Suzanne nous raconte ses premières impressions au sein du JRS d’Athènes. Elle y est volontaire pour 6 mois et ses missions sont le soutien d’urgence, l’intégration et l’éducation auprès des réfugiés. 


Bonjour à tous !

J’espère que vous allez bien. Que le climat morose et la rentrée des classes en France n’ont pas trop joué sur votre moral. Si ce n’est pas le cas, vous pouvez toujours venir me voir à Athènes, où nous avons un doux 30 degrés et la plage à quelques heures.

On se fait vite au rythme grec. Tout va tranquillement, il faut prendre son temps. Les gens marchent lentement dans les rues. Un pays où les lettres postées prennent plus de deux mois à arriver à destination.  Un pays où les câbles électriques qui tirent le bus s’emmêlent à cause d’un arbre mal coupé et où le chauffeur descend pour les désemmêler. Un pays où il y a encore une personne au péage pour prendre votre ticket. Un pays où on vous donne trois sacs en plastique et deux tickets si vous achetez une aubergine, plus une paille en plastique pour votre jus d’orange pressé. Un pays où il y a cinq chats de rue pour un habitant. C’est toujours un bazar monstre, du bruit dans tous les sens, une ville en perpétuel mouvement. On ne sait jamais ce qu’il va se passer quand on sort dehors.

Et puis il y a ce savant mélange entre sites antiques bordés d’oliviers, de pins, de cyprès au cœur de la ville et quartiers alternatifs, entre le quartier Keramico pour les athéniens bobos branchés et Exarchia, le quartier anar.  Une sorte de fusion entre Rome et Berlin. […] A trente minutes à pied de chez nous, l’Acropole est mon échappatoire quotidien, ma bouffée d’air […]. Mon endroit préféré, le Parthénon au coucher du soleil par un ciel bleu dégagé.
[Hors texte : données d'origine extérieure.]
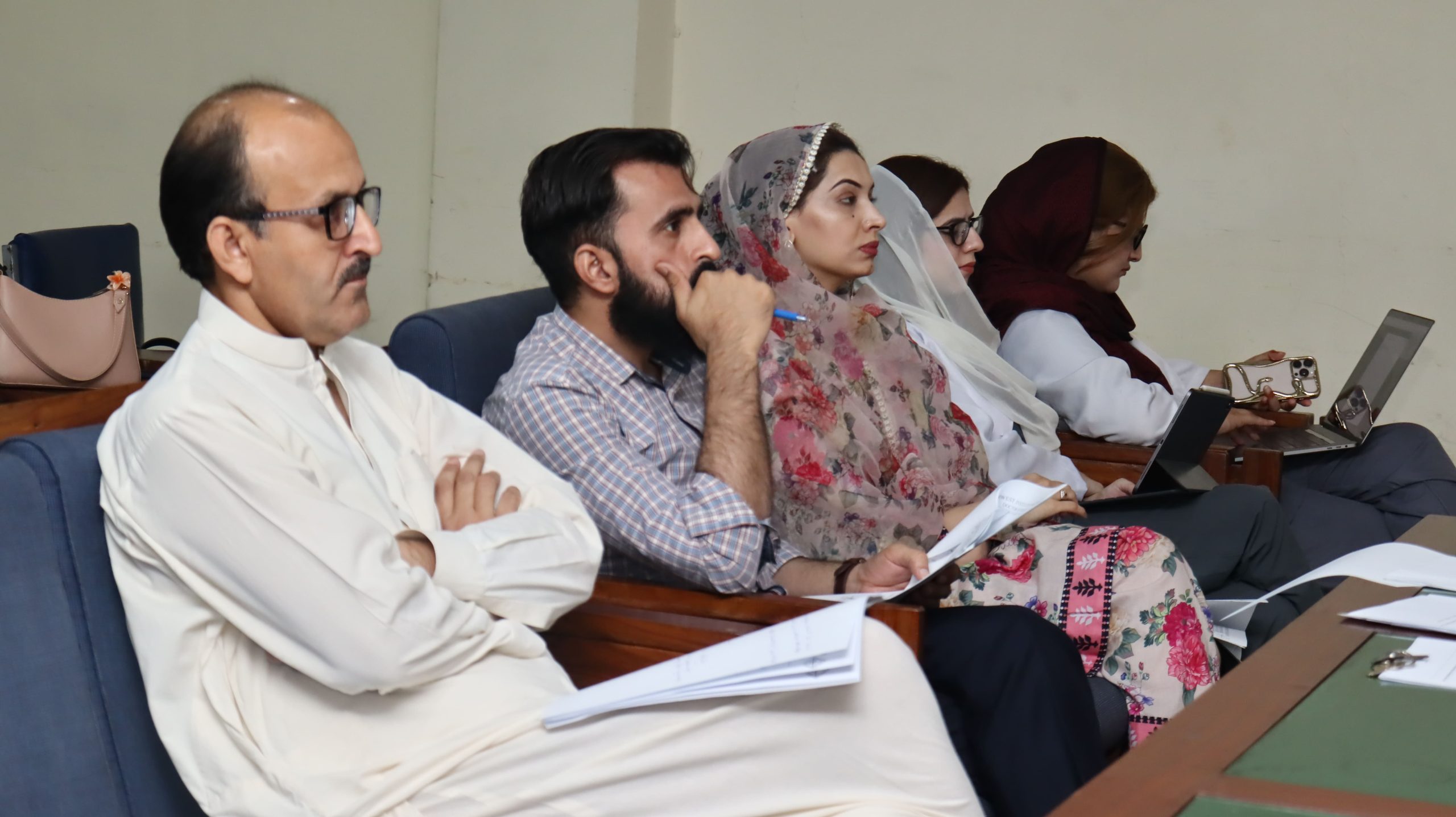 Research Proposal Defense Session for DPT Students at NWIHS The Department of Physical Therapy (DPT) at Northwest Institute of Health Sciences recently organized a valuable session on research proposal defense for 9th-semester students. Led by esteemed faculty member Dr. Shafiq ur Rehman, PhD, Head of Research Board-NWIHS, the session aimed to equip students with essential knowledge and skills for selecting a suitable research title. A panel of experts, comprising Dr. Kamran Alam (Bio-Statistician), Dr. Muhammad Ilyas (PhD in MLT), Dr. Uzair Ahmad (HOD/AP – DPT), Dr. Aroosha (PT), Mr. Aqib, and Miss Safura, ensured a comprehensive evaluation of the proposals.

Je me suis aussi faite à notre quartier. C’est un des plus pauvres d’Athènes (et donc un des moins chers, ce qui permet aux réfugiés de se loger), très sale, beaucoup de misère (prostituées, drogués), quasiment que des hommes dans l’espace public. Chaque pan du quartier appartient à une communauté. Les réfugiés se rassemblent en effet, partageant la même langue et récits de vie, se serrant les coudes à plusieurs. J’ai été frappée par le grand sens de la solidarité qui les unit. Somaliens, afghans, africains, chacun sa rue. Néanmoins, pas de quartier entre communautés.   A Victoria Square par exemple (là où nous faisons des activités sportives et artistiques avec les enfants), la plupart des personnes présentes sont afghanes. […]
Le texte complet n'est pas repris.